- **Work task**
From the first line below to the last, reproduce the material exactly and leave out the images.
(Beginning of Material to process)
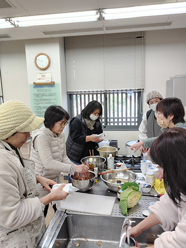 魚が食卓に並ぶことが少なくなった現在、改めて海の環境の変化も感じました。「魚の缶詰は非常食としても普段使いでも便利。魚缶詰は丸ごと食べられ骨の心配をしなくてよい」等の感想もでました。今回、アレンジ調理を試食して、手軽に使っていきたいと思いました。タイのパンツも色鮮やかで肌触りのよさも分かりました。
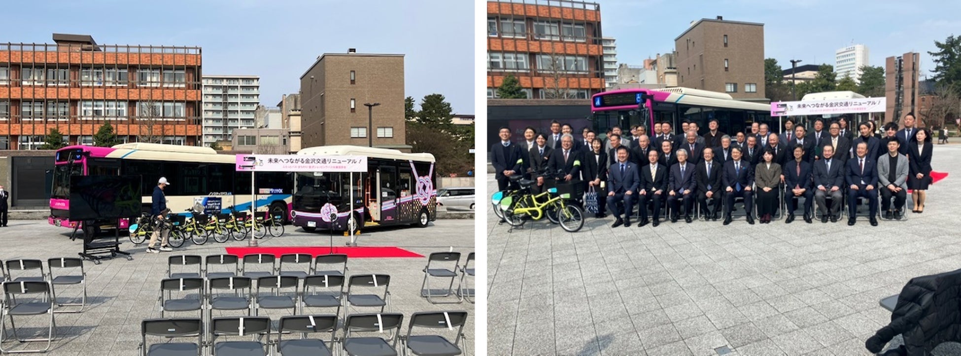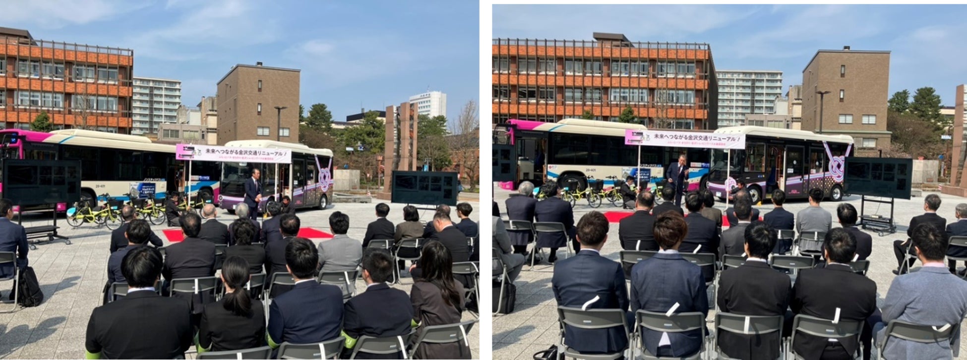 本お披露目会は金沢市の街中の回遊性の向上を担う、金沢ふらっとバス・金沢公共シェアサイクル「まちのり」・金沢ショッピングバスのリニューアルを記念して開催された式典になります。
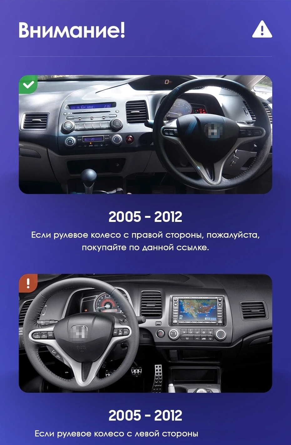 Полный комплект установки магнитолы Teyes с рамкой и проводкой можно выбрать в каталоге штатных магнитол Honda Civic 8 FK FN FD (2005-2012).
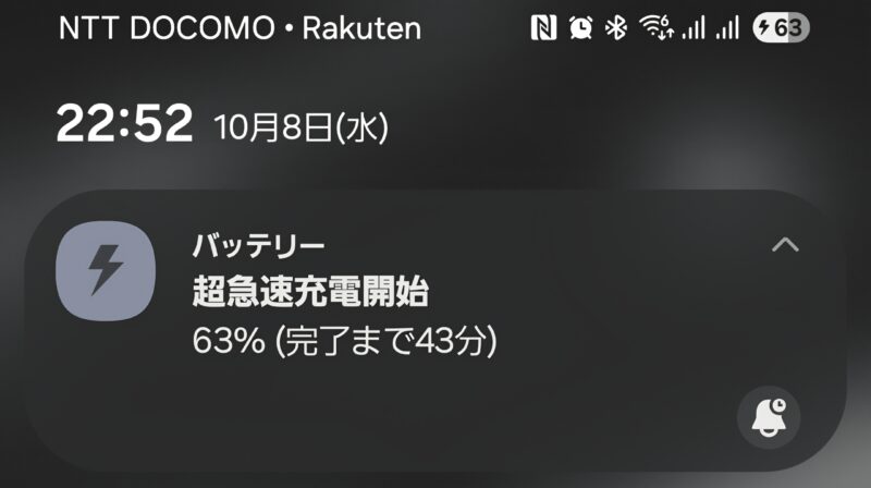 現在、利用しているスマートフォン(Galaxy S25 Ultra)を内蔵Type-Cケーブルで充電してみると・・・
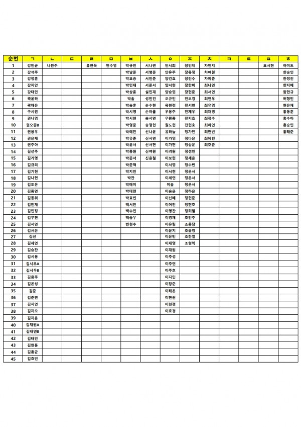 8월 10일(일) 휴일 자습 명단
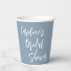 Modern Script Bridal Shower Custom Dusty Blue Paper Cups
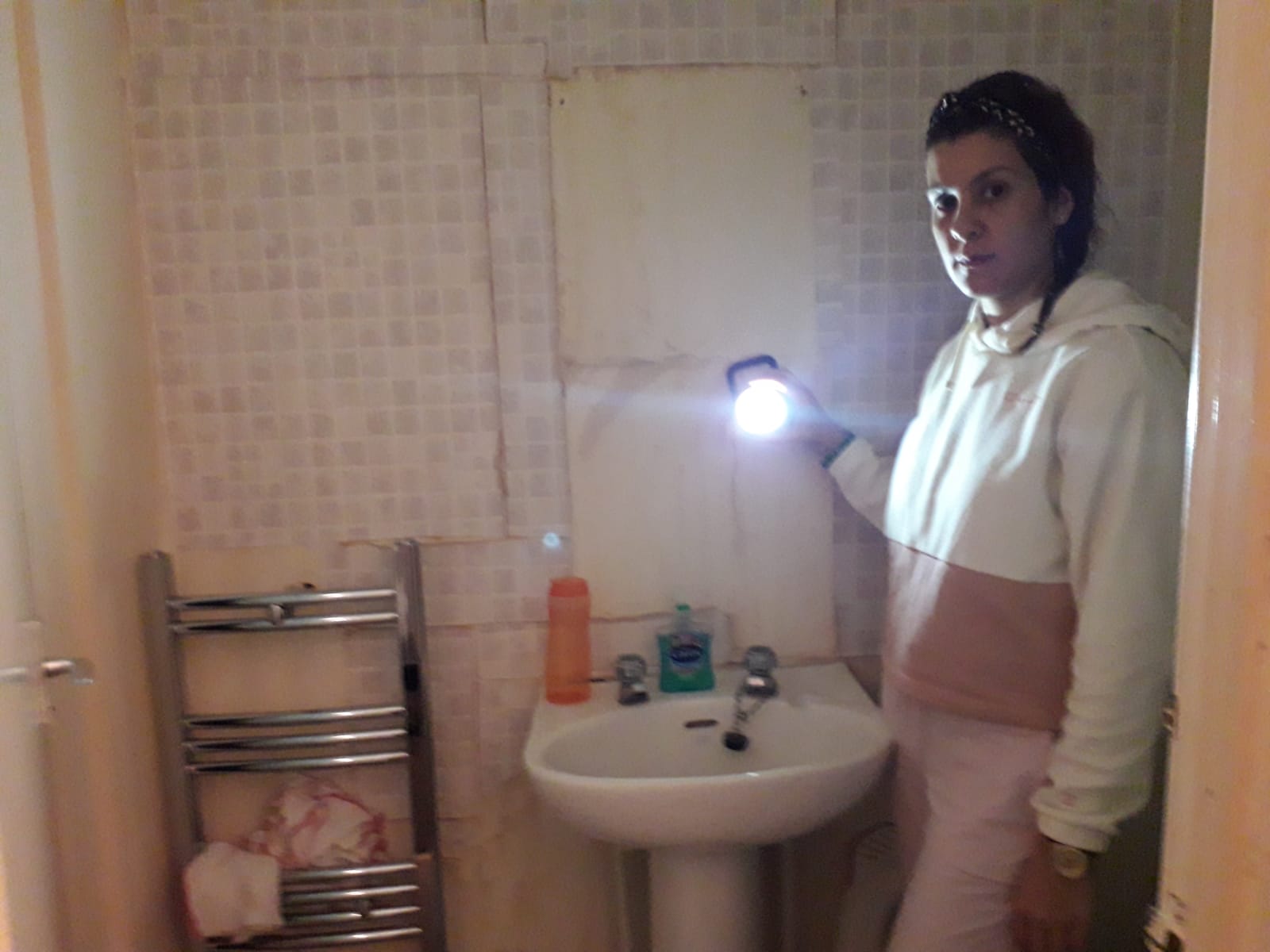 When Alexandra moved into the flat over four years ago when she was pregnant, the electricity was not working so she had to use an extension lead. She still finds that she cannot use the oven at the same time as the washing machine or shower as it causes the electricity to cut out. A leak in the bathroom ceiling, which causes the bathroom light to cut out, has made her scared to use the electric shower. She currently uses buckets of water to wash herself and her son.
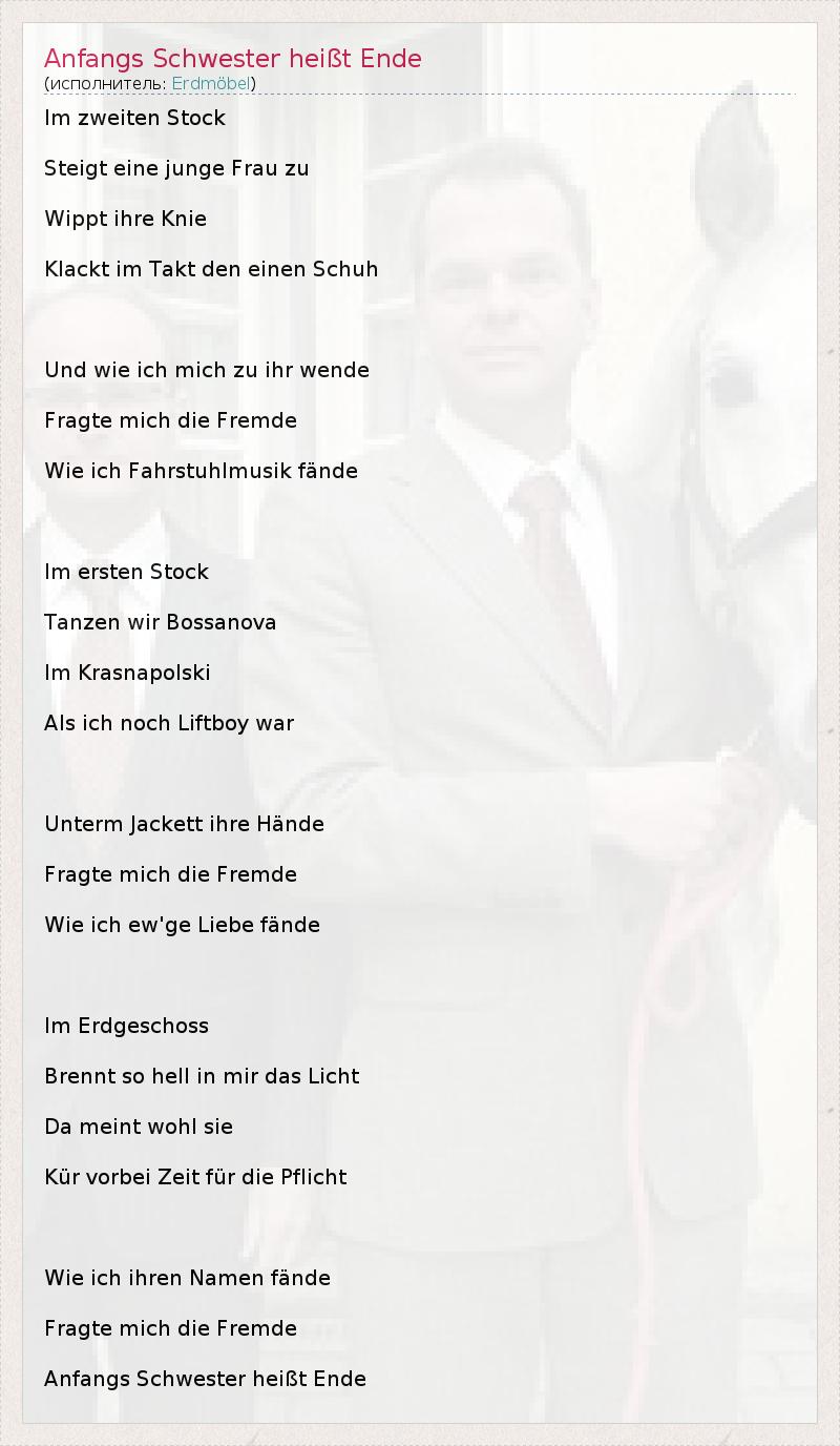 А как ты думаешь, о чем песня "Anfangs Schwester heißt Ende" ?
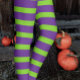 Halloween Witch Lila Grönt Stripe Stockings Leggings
(End of Material to process)
- **Result for this exercise**
 魚が食卓に並ぶことが少なくなった現在、改めて海の環境の変化も感じました。「魚の缶詰は非常食としても普段使いでも便利。魚缶詰は丸ごと食べられ骨の心配をしなくてよい」等の感想もでました。今回、アレンジ調理を試食して、手軽に使っていきたいと思いました。タイのパンツも色鮮やかで肌触りのよさも分かりました。
 本お披露目会は金沢市の街中の回遊性の向上を担う、金沢ふらっとバス・金沢公共シェアサイクル「まちのり」・金沢ショッピングバスのリニューアルを記念して開催された式典になります。
 Полный комплект установки магнитолы Teyes с рамкой и проводкой можно выбрать в каталоге штатных магнитол Honda Civic 8 FK FN FD (2005-2012).
 現在、利用しているスマートフォン(Galaxy S25 Ultra)を内蔵Type-Cケーブルで充電してみると・・・
 8월 10일(일) 휴일 자습 명단
 Modern Script Bridal Shower Custom Dusty Blue Paper Cups
 When Alexandra moved into the flat over four years ago when she was pregnant, the electricity was not working so she had to use an extension lead. She still finds that she cannot use the oven at the same time as the washing machine or shower as it causes the electricity to cut out. A leak in the bathroom ceiling, which causes the bathroom light to cut out, has made her scared to use the electric shower. She currently uses buckets of water to wash herself and her son.
 А как ты думаешь, о чем песня "Anfangs Schwester heißt Ende" ?
 Halloween Witch Lila Grönt Stripe Stockings Leggings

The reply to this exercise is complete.